### Task brief:
The records that follow are to be transcribed in full, without their images.

══ Recorded data ══

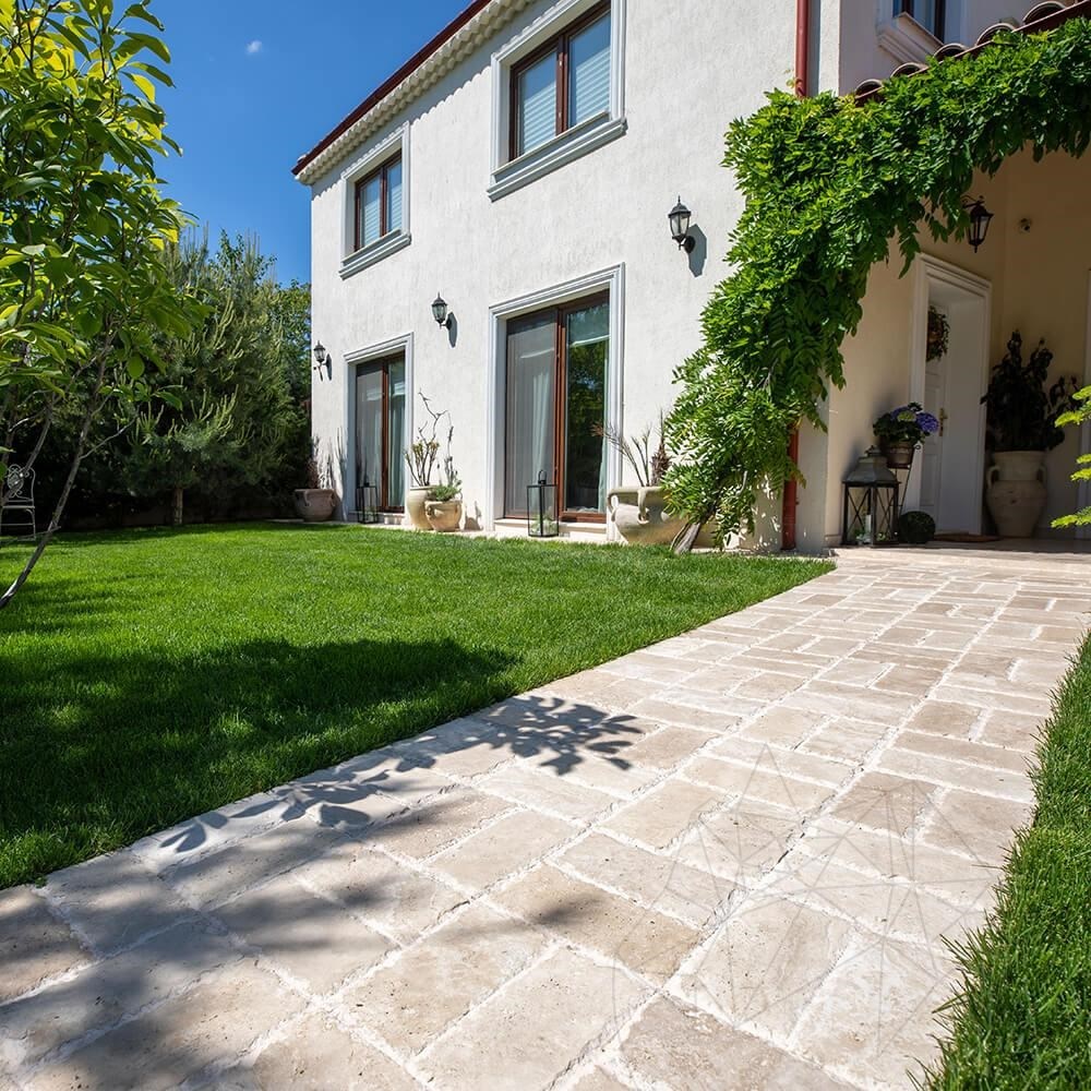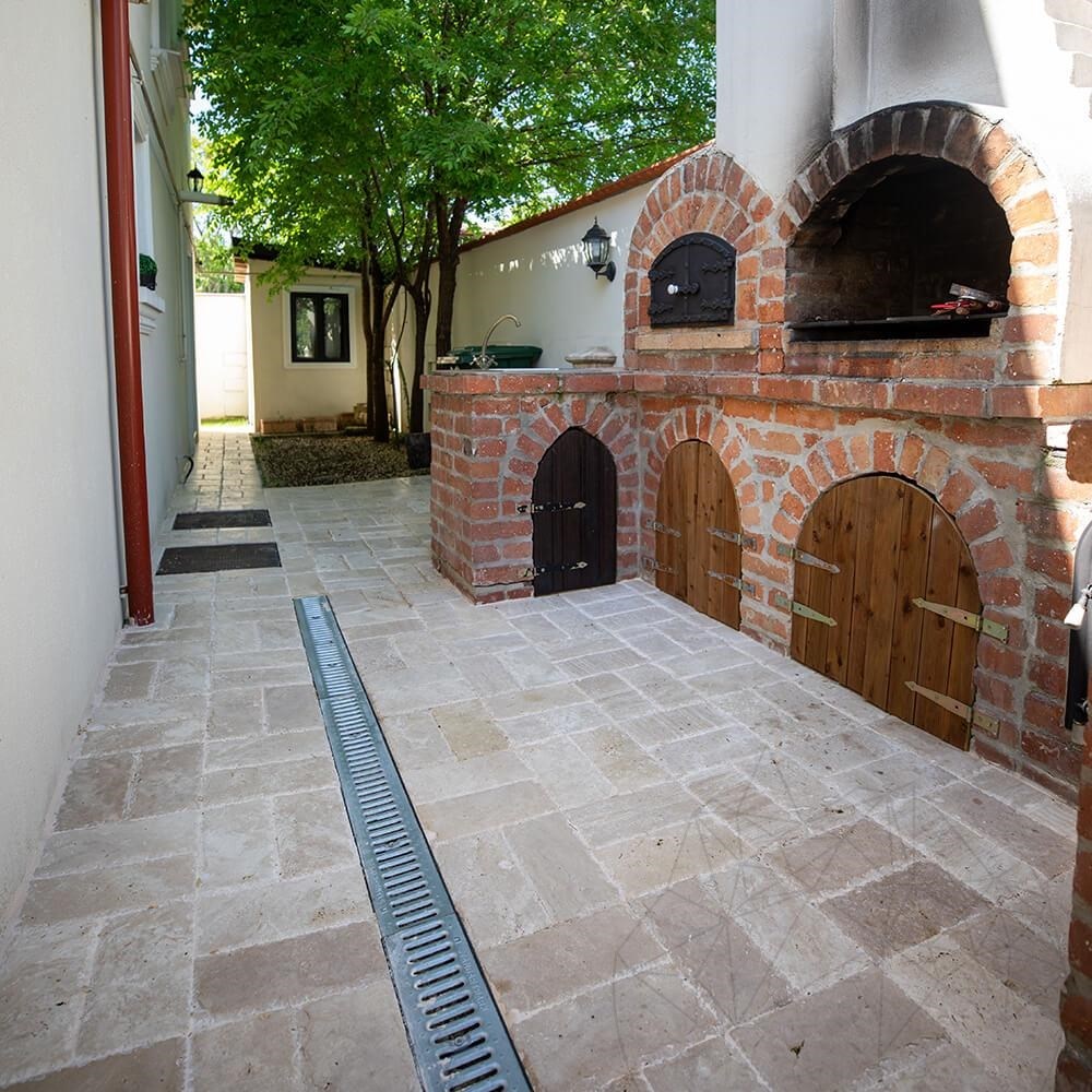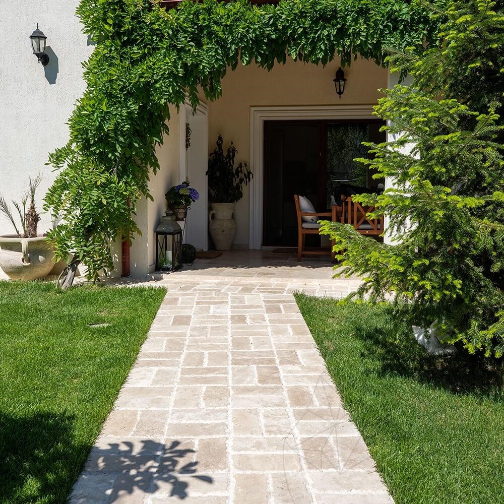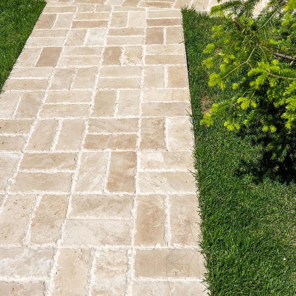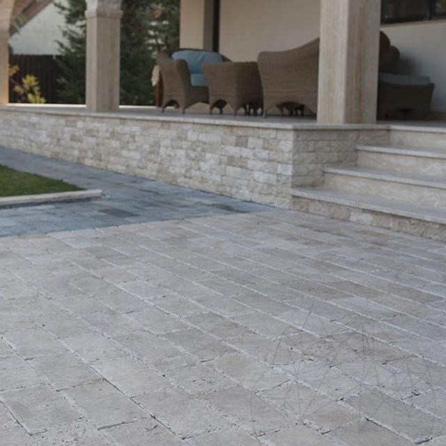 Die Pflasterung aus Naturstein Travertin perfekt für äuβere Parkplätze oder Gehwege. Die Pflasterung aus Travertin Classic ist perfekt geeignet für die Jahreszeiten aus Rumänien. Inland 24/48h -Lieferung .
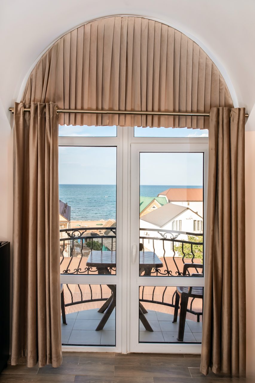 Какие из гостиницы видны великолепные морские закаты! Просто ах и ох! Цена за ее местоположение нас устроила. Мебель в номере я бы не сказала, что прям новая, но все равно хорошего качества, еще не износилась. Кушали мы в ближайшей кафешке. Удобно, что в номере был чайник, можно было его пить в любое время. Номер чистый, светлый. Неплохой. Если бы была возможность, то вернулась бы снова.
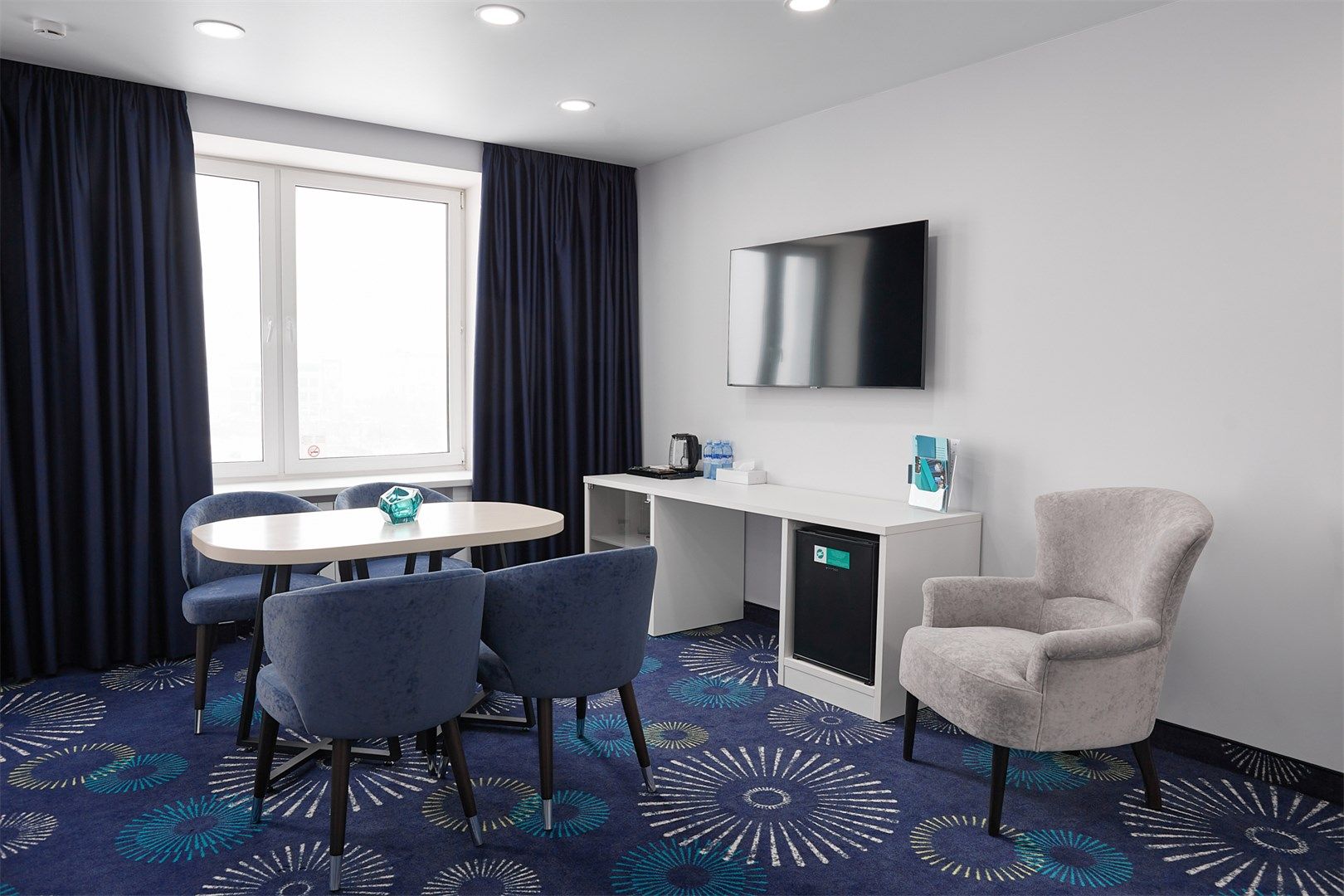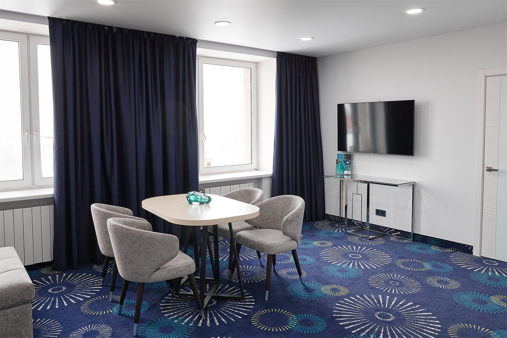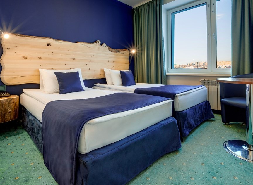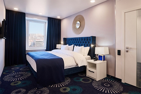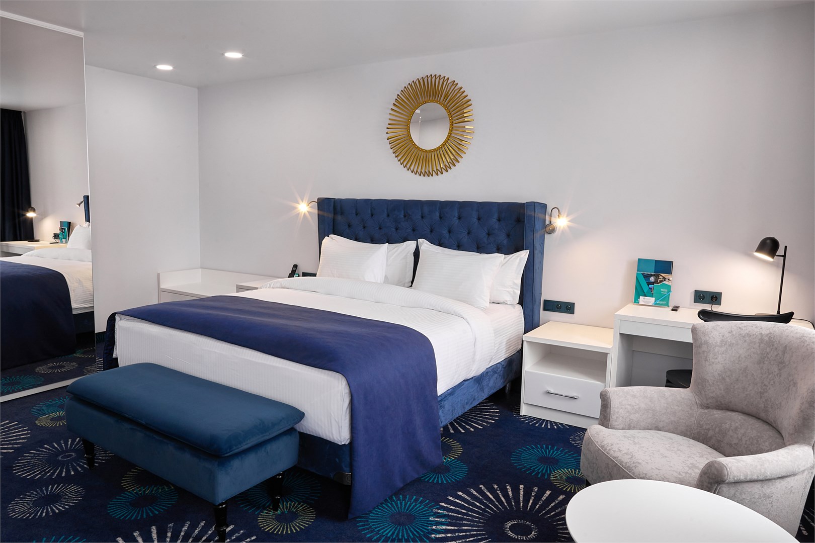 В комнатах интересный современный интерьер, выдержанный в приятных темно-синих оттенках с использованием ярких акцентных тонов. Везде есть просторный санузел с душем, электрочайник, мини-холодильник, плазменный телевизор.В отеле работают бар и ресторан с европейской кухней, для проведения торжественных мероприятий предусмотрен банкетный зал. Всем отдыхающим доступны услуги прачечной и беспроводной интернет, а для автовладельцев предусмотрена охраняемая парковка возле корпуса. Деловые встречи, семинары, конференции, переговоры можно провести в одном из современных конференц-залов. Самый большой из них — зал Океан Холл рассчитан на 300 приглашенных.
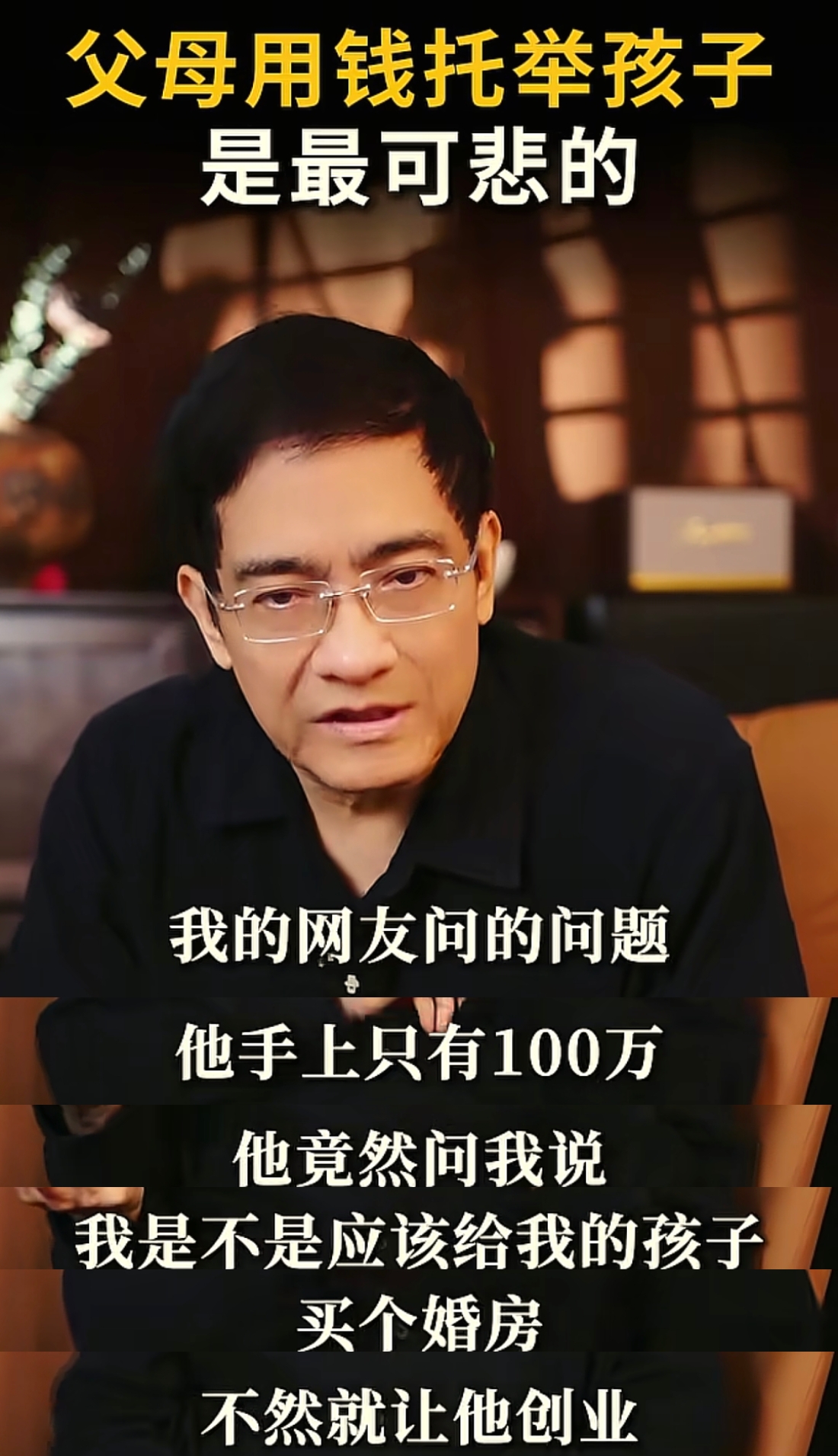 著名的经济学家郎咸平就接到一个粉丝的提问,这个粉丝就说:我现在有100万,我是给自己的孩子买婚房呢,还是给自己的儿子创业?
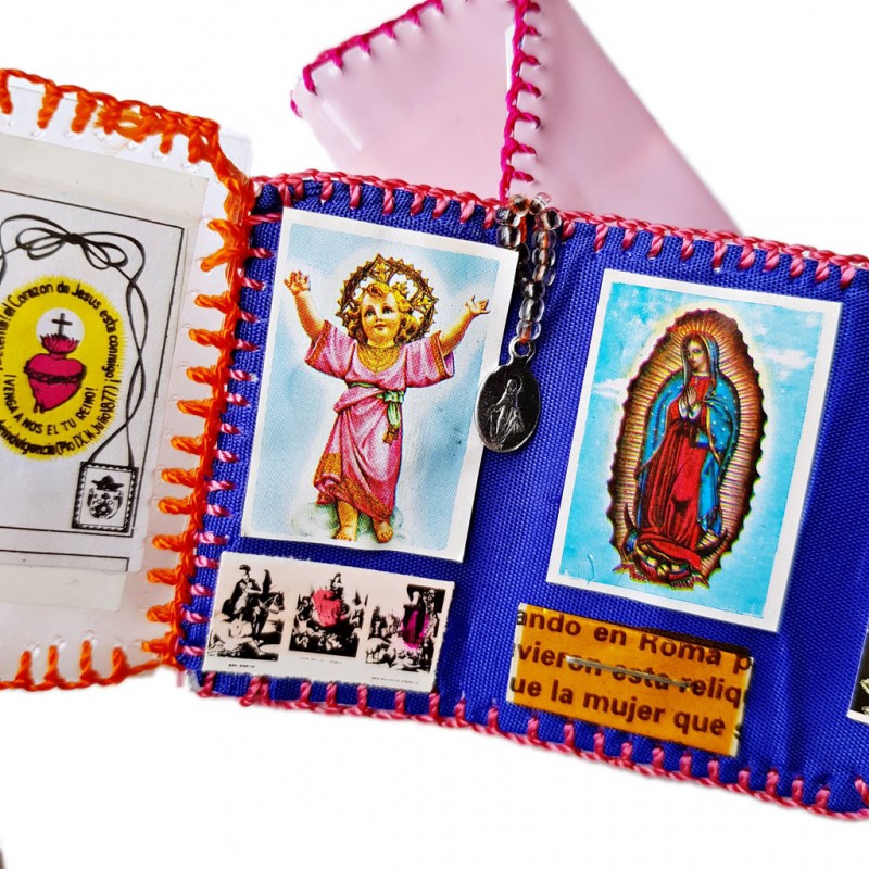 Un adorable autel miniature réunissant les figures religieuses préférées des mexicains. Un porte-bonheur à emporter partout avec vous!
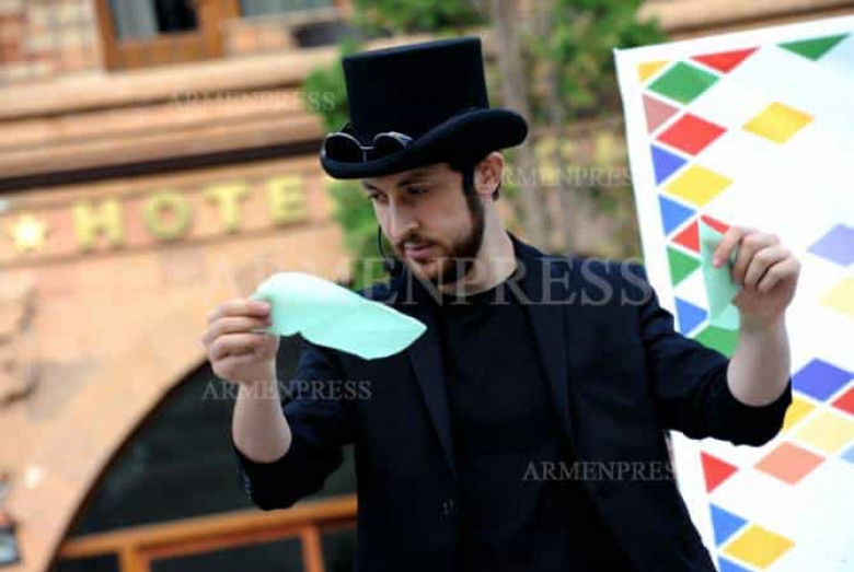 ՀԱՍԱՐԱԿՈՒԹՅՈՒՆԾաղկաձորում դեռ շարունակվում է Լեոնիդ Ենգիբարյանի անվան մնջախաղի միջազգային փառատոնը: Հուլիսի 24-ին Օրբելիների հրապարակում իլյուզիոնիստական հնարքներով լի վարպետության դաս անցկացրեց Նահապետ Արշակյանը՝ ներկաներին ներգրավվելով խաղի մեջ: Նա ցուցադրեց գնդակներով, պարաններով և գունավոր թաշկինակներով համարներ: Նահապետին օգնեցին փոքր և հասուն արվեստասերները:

═══

### Answer space:
 Die Pflasterung aus Naturstein Travertin perfekt für äuβere Parkplätze oder Gehwege. Die Pflasterung aus Travertin Classic ist perfekt geeignet für die Jahreszeiten aus Rumänien. Inland 24/48h -Lieferung .
 Какие из гостиницы видны великолепные морские закаты! Просто ах и ох! Цена за ее местоположение нас устроила. Мебель в номере я бы не сказала, что прям новая, но все равно хорошего качества, еще не износилась. Кушали мы в ближайшей кафешке. Удобно, что в номере был чайник, можно было его пить в любое время. Номер чистый, светлый. Неплохой. Если бы была возможность, то вернулась бы снова.
 В комнатах интересный современный интерьер, выдержанный в приятных темно-синих оттенках с использованием ярких акцентных тонов. Везде есть просторный санузел с душем, электрочайник, мини-холодильник, плазменный телевизор.В отеле работают бар и ресторан с европейской кухней, для проведения торжественных мероприятий предусмотрен банкетный зал. Всем отдыхающим доступны услуги прачечной и беспроводной интернет, а для автовладельцев предусмотрена охраняемая парковка возле корпуса. Деловые встречи, семинары, конференции, переговоры можно провести в одном из современных конференц-залов. Самый большой из них — зал Океан Холл рассчитан на 300 приглашенных.
 著名的经济学家郎咸平就接到一个粉丝的提问,这个粉丝就说:我现在有100万,我是给自己的孩子买婚房呢,还是给自己的儿子创业?
 Un adorable autel miniature réunissant les figures religieuses préférées des mexicains. Un porte-bonheur à emporter partout avec vous!
 ՀԱՍԱՐԱԿՈՒԹՅՈՒՆԾաղկաձորում դեռ շարունակվում է Լեոնիդ Ենգիբարյանի անվան մնջախաղի միջազգային փառատոնը: Հուլիսի 24-ին Օրբելիների հրապարակում իլյուզիոնիստական հնարքներով լի վարպետության դաս անցկացրեց Նահապետ Արշակյանը՝ ներկաներին ներգրավվելով խաղի մեջ: Նա ցուցադրեց գնդակներով, պարաններով և գունավոր թաշկինակներով համարներ: Նահապետին օգնեցին փոքր և հասուն արվեստասերները:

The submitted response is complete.